Any Stimulus Plan Must Help Small Businesses Who Help Their Employees

Over the past few days whole sectors of the U.S. economy have come to a standstill. Closing our shopping centers, restaurants, and recreational facilities will end up leaving millions jobless. Various relief measures are being discussed or are working their way through Congress. 

But this slowdown is nothing like an ordinary recession, where a slowdown in demand can simply be offset by putting cash into people’s pockets. Instead, much of the slowdown is the inevitable side effect of an intentional effort to slow the spread of the novel coronavirus. By slowing the spread of the virus, the logic goes, we buy ourselves time. This allows us to treat a greater share of those who fall ill, add much-needed health care resources, and develop treatment capability.

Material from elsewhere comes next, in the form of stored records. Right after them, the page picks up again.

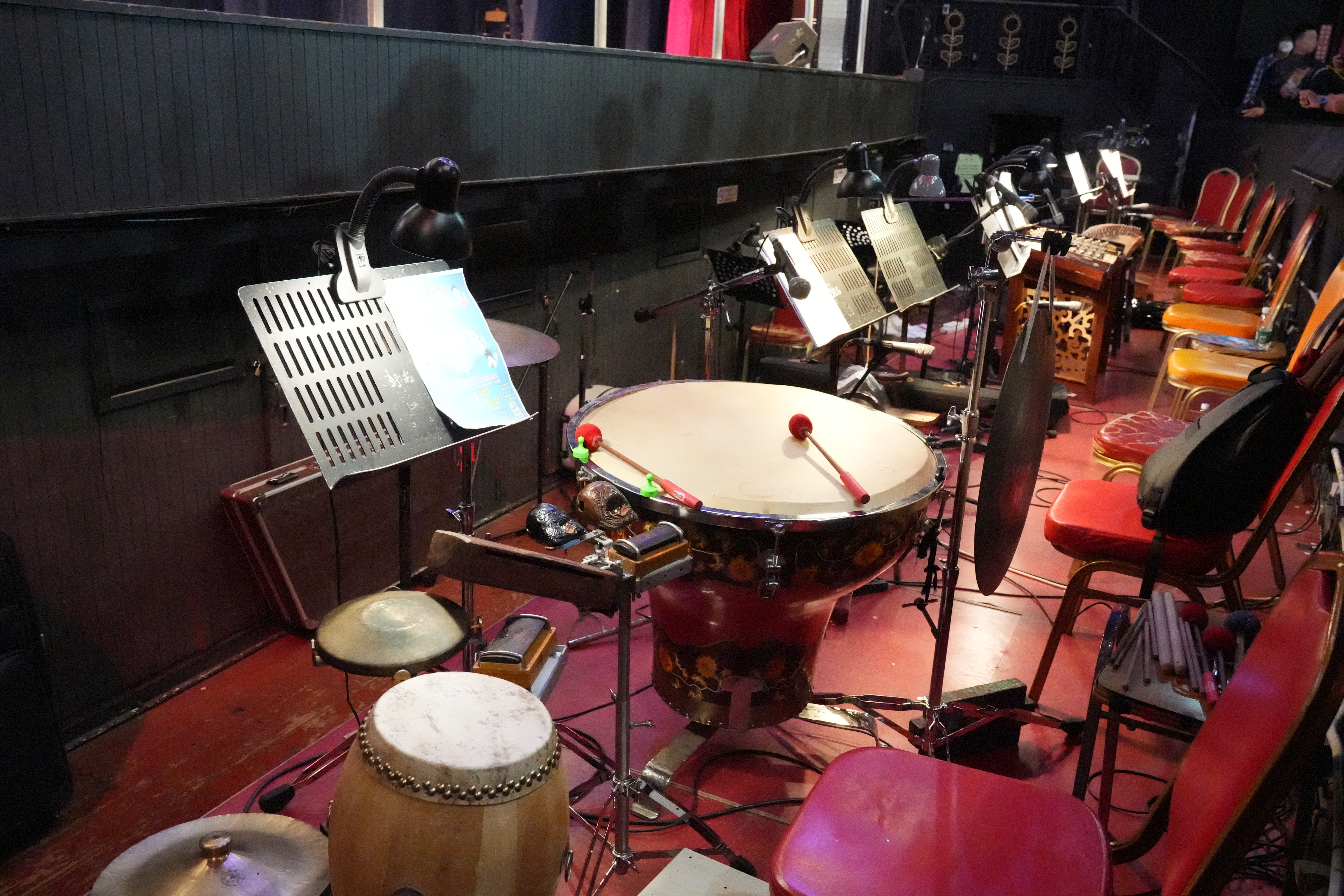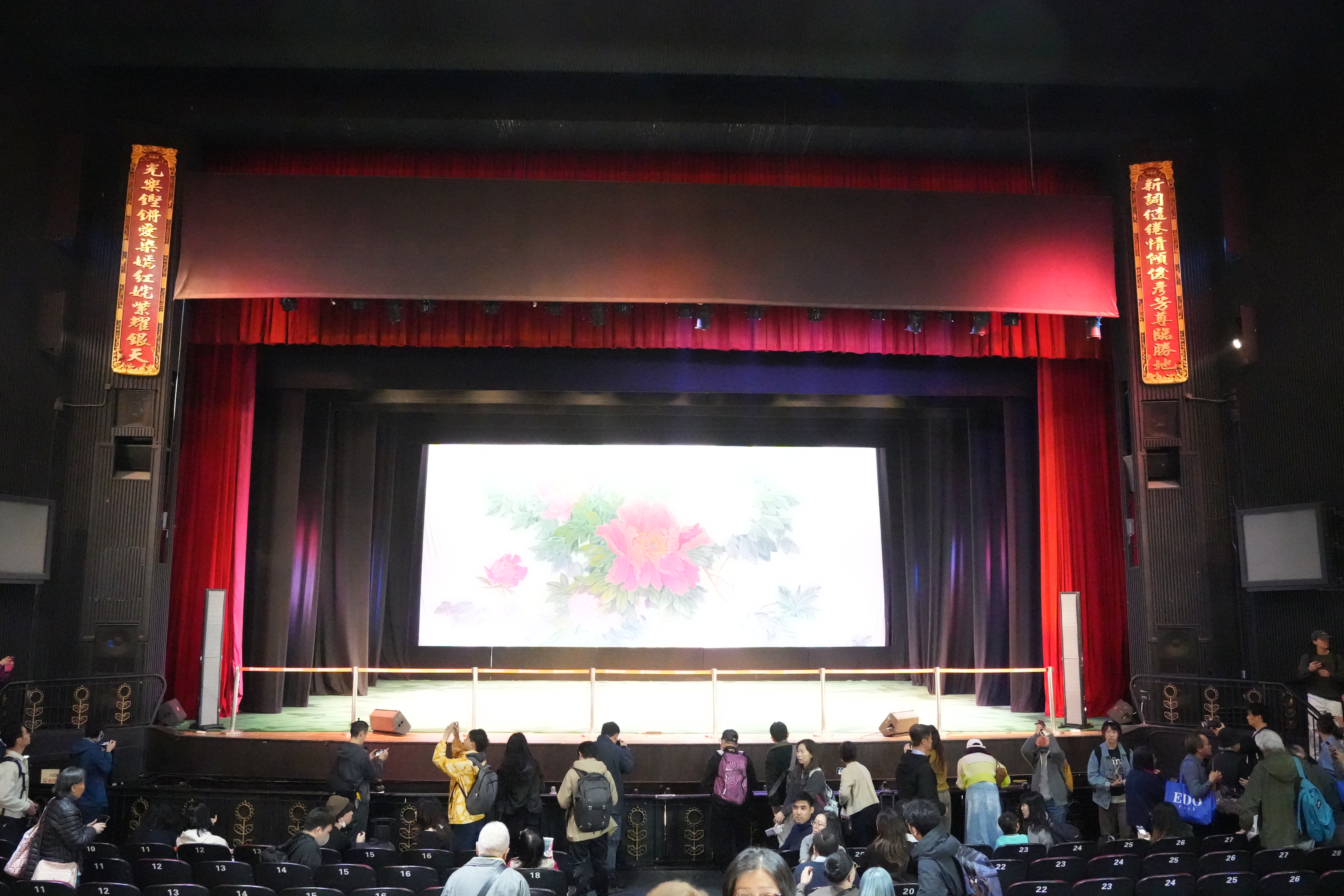 劇院門口處擺放一個大鼓和銅鑼,其中鼓代表名氣,而敲鑼則是習俗,代表正式演出,一共敲六下,為演出帶來好運。戲院門口還有國家級非物質文化遺產傳承人、京劇表演大師梅葆玖的書法對聯,以及李居明大師2018年題字的牌額可供欣賞。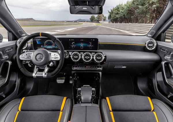 La Mercedes-AMG A 45 S e la CLA 45 S, invece, arrivano ad erogare fino a 421 CV di potenza e raggiungono una coppia massima di 500 Nm. Lo scatto da 0 a 100 km/h è coperto in 3,9 secondi dalla A 45 S e in 4,1 secondi per la CLA 45 S. La velocità di punta, autolimitata, è di 270 km/h per tutte le versioni.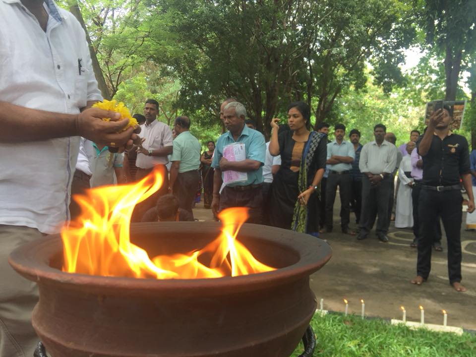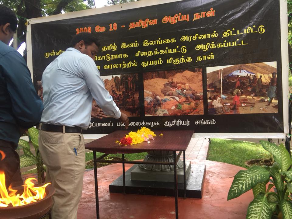 ஈழச்செய்திகள்சிறப்பு செய்திகள் யாழ். பல்கலையில் உணர்வுகொண்ட முள்ளிவாய்க்கால் நினைவேந்தல்! By Admin - May 18, 2018 0 1005 யாழ்.பல்கலைக்கழகத்தில் மே 18 முள்ளிவாய்க்கால் ஒன்பதாவது ஆண்டு நினைவேந்தல் யாழ்.பல்கலை ஆசிரியர் சய்கத்தின் ஏற்பாட்டில் எழுச்சியாக நடைபெற்றது. இதில் பல்கலை பேராசிரியர்கள், ஊழியர்கள், மாணவர்கள், பொதுமக்கள் எனப்பலரும் கலந்துகொண்டதைக் காணமுடிந்தது.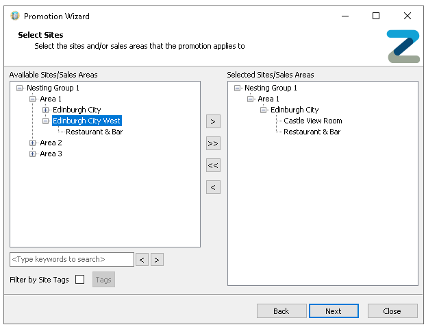 Only those sites and sales areas already added to the promotion will be displayed for selection -

While we fight the contagion, many otherwise perfectly viable businesses and non-profits have no choice but to shut down. Social distancing requires that we consume less of the goods and services produced by a staggeringly wide array of industries, so even businesses that aren’t shuttered entirely are experiencing less demand. And this has knock-on effects on other businesses. Without an aggressive policy response, this will result in the permanent destruction of hundreds of thousands of firms and the loss of millions of jobs. 

This is not the Schumpeterian process of creative destruction, where once-valuable firms go under, freeing up resources that can be better employed elsewhere. The workers whose jobs vanish will not be matched with new firms that allow them to add more value. Instead, firm-specific human capital disappears, debt starts building up, and the resources that are idle are idle only in order to slow the pandemic.